I wasn't initially inclined to believe Arends' declaration that "This is not a political column," but, upon review, he makes sense. It's an absolute no-brainer that an Obama presidency would let Bush's tax cuts expire. And as Arends points out, "Senator Barack Obama has already acknowledged that he may be willing to raise the top rate on long-term capital gains still further, to 28 percent."
The current capital gains tax rate is 15 percent.
So what does that mean?
Cash in any big capital gains on stocks or mutual funds before the end of this year.
Sell! Sell! Sell!
So if you are sitting on a huge profit in, say, your Apple stock, if the Democrats win in November you might want to cash it in before the end of the year. "Go ahead and sell it" says Benjamin Tobias, a financial planner in Plantation, Fla. "Pay the 15 percent tax, and put a happy face on the check to the IRS because you're only paying 15 percent.. Next year, who knows what you'll be paying?"
So clearly, after reading this column, America called its broker. Cue "Black" Friday.

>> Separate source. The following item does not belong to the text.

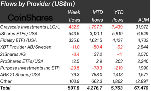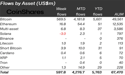 最近,机构投资者对加密货币市场的兴趣激增,这一点从近期加密货币ETF(交易所交易基金)的大量资金流入中可见一斑。根据CoinShares发布的最新报告,过去一周内,机构投资者通过现货比特币ETF增加了对比特币的投资,资金流入总额达到了5.98亿美元。这股热潮已经持续了四个星期,标志着加密货币市场正在慢慢回暖。
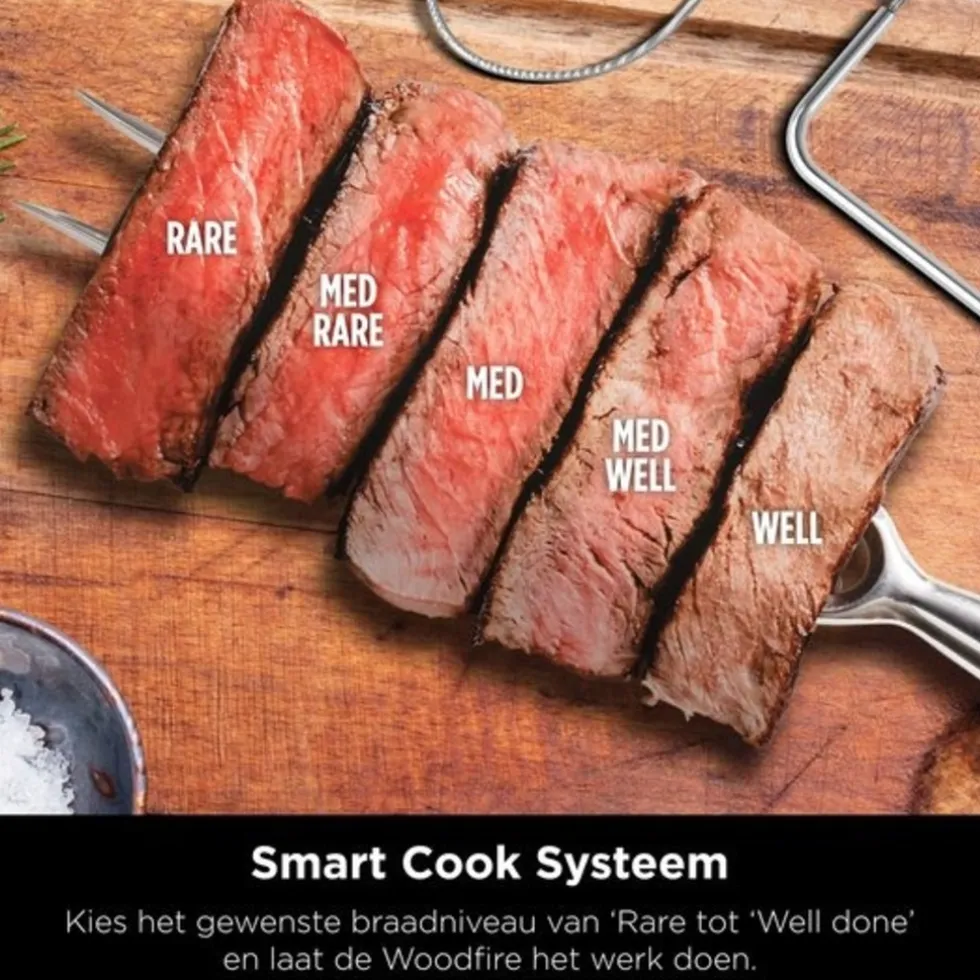 - Afstandsbediening: Pas de kooktijd en temperatuur aan en voeg Woodfire-smaak toe, rechtstreeks vanuit de app.

Of course, there's one little problem with this thesis. If Hillary Clinton had clinched the nomination, you could make pretty much exactly the same argument, although I don't think she's been pinned down on how high she might take the capital gains tax rate. So unless you want to make the case that Wall Street thinks Obama is the more formidable candidate for McCain than Clinton, perhaps it would be better, after all, to focus on record oil prices and growing stress in labor markets as the explanation for investor unease.